Его челюсти сжались, когда ракеты вышли на рубеж атаки. Но не взорвались. Вместо того они ринулись прямо сквозь его строй, прямо под огонь лазерных кластеров.
Расчеты ПРО, несмотря на полную неожиданность их появления, сумели подстрелить две трети ракет. Оставшиеся двадцать сделали пируэт, развернулись и взорвались в превосходно синхронной, смертоносно точной атаке… в пустоту.
Лестер Турвиль выдохнул, только теперь заметив, что задерживал дыхание. Он ощущал недоумение команды флагманского мостика, и на этот раз у него для них не было никакого ответа. Затем…
— Сэр, — очень тихо сказала лейтенант Айзенберг, — вас вызывают на связь.
Он развернулся вместе с креслом к ней и лейтенант сглотнула.
— Это… герцогиня Харрингтон, сэр.
Тишина на флагманском мостике «Герьера» была абсолютной. Турвиль прочистил горло.
— Выведите на мой дисплей, Ас, — сказал он.
— Есть, сэр. Вывожу.
Мгновением спустя на дисплее Турвиля появилось лицо. Он уже видел это лицо, когда его обладательница сдавалась ему. И ещё раз, когда ее избивали прикладами пульсеров громилы госбезопасности. Теперь она смотрела на него, и её глаза оставляли впечатление пары ракетных пусковых.
— Вот мы и снова встретились, адмирал Турвиль, — сказала она холодным сопрано.
— Адмирал Харрингтон, — ответил он. — Какой сюрприз. Я думал, что вы примерно в восьми световых минутах.
Он уставился прямо в её суровые глаза и стал ждать. Задержка на прохождение сигнала должна была составить восемь минут — шестнадцать минут в обе стороны — но она заговорила едва через пятнадцать секунд после того, как он закончил.
— Так и есть.

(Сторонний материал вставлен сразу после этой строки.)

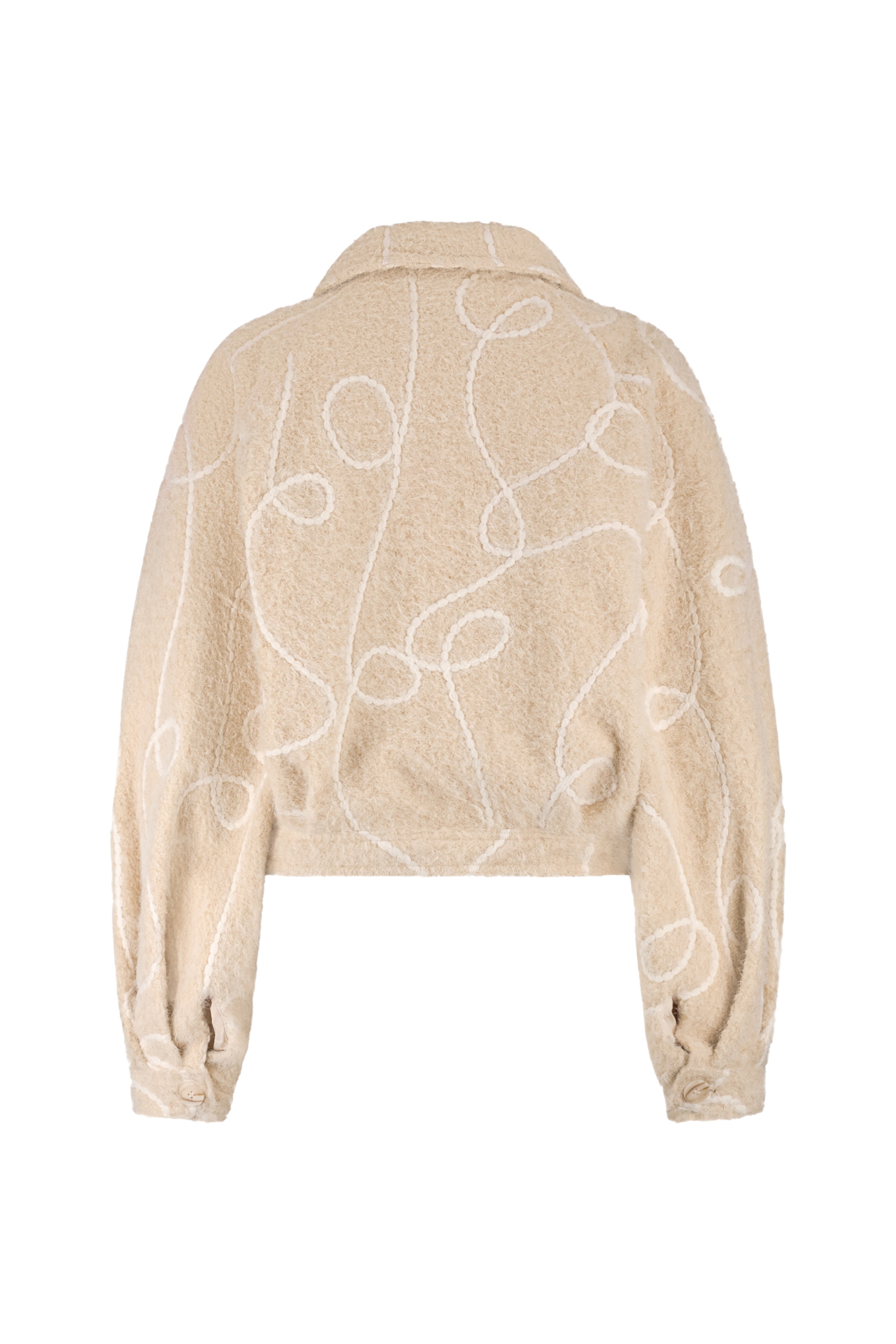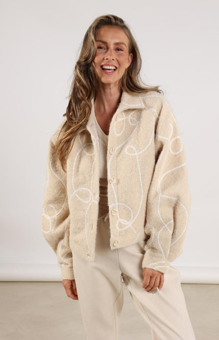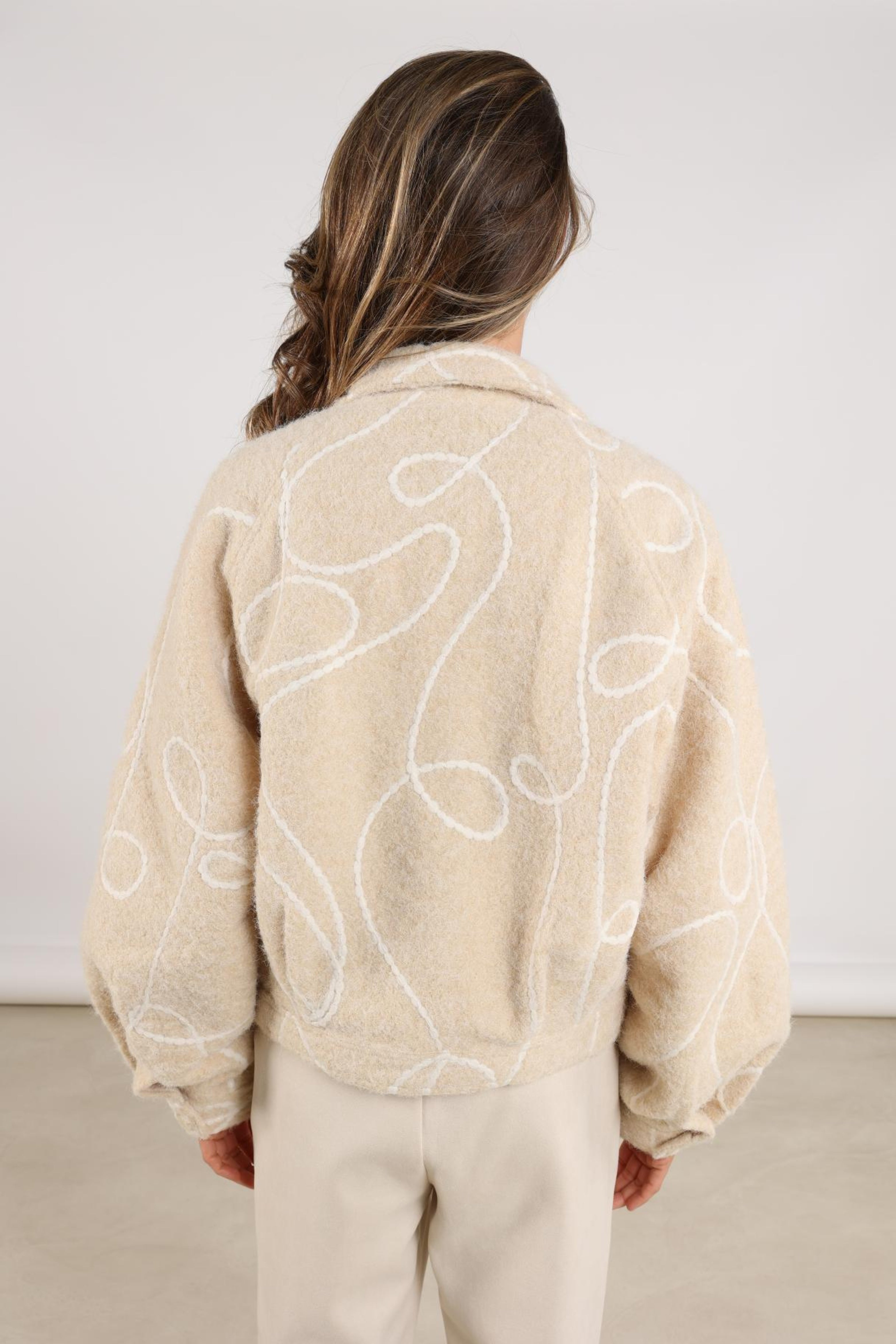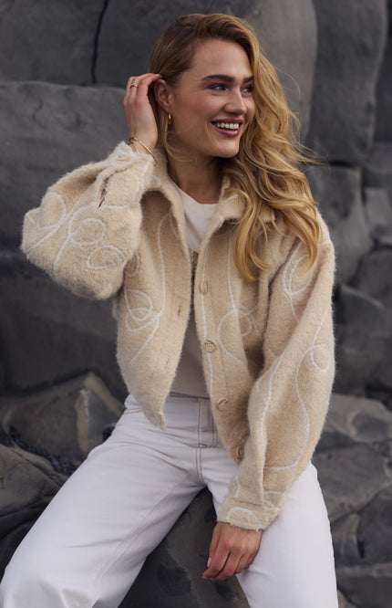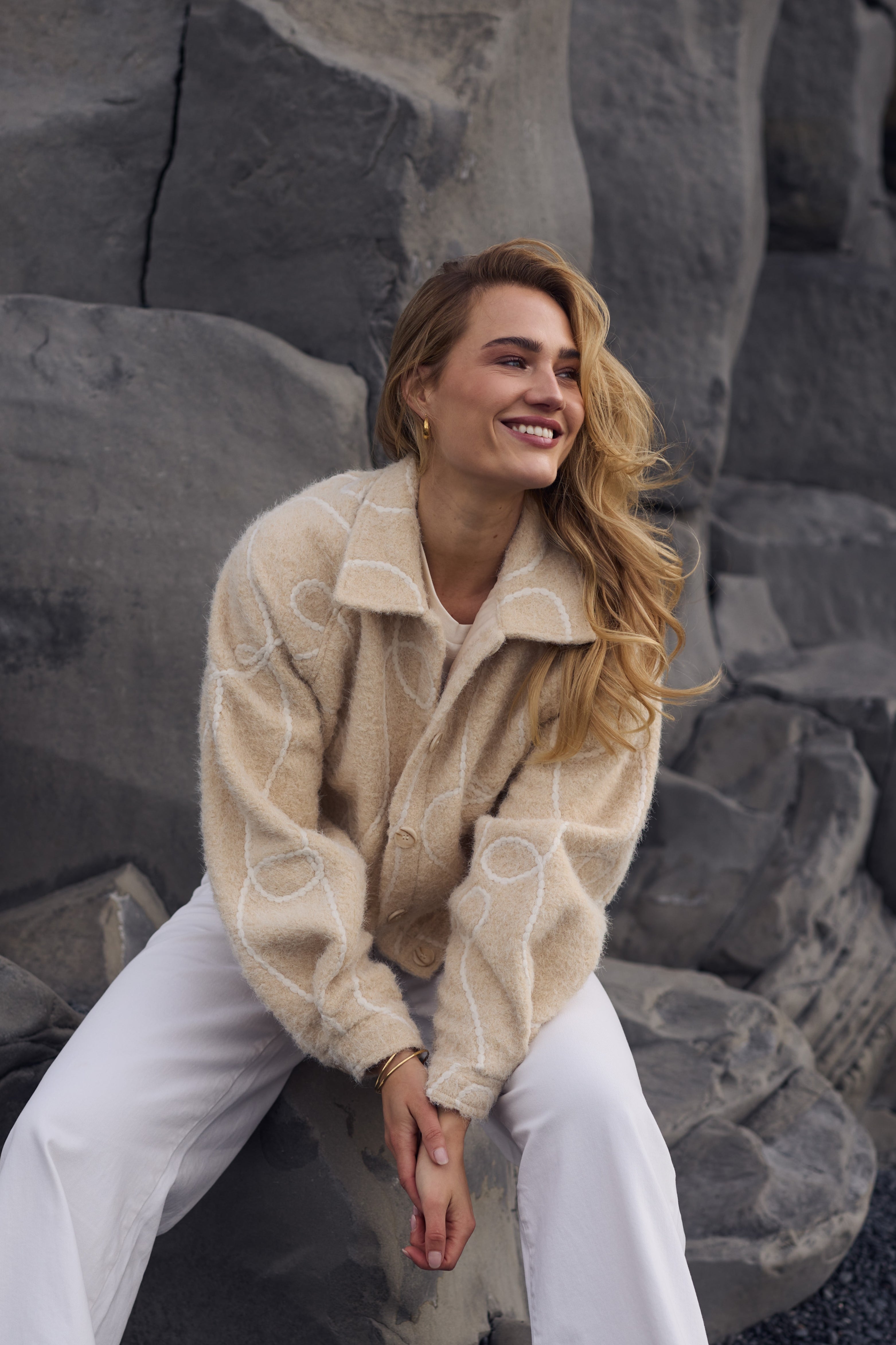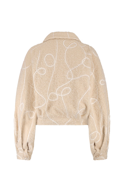 De Milou Sand jacket van Nukus is een zachte, cosy blikvanger. Het luchtige materiaal met speelse swirl-structuur en ballonmouwen geeft dit jasje een elegante, moderne look. Perfect voor herfst en winterlagen met stijl.

Я разговариваю с вами через устройство, которое мы называем буем «Гермес». Это ретранслятор СКС, обладающий возможностями стандартной радиосвязи. — выражение её лица следовало бы назвать улыбкой, но оно скорее наводило на мысль о мрачной океанской бездне.
— Несколько таких устройств разбросано по системе. Я просто подключилась к ближайшему, чтобы разговаривать с вами напрямую, — продолжила она все тем же ледяным тоном. — Уверена, что вы обратили внимание на эффективность наведения моих птичек на конечном участке. Также я уверена, что вы понимаете, что у меня есть возможность уничтожить каждый из оставшихся у вас кораблей с теперешней моей позиции. Надеюсь, вы не заставите меня так поступить.
Турвиль смотрел на неё и понимал, что последнее заявление было не вполне точным. Знал, что какая-то её часть — то, что крылось за этими ледяными глазами и голосом — надеется, что он заставит её. Но слишком многие уже были мертвы, чтобы погубить ещё больше из чистой глупости.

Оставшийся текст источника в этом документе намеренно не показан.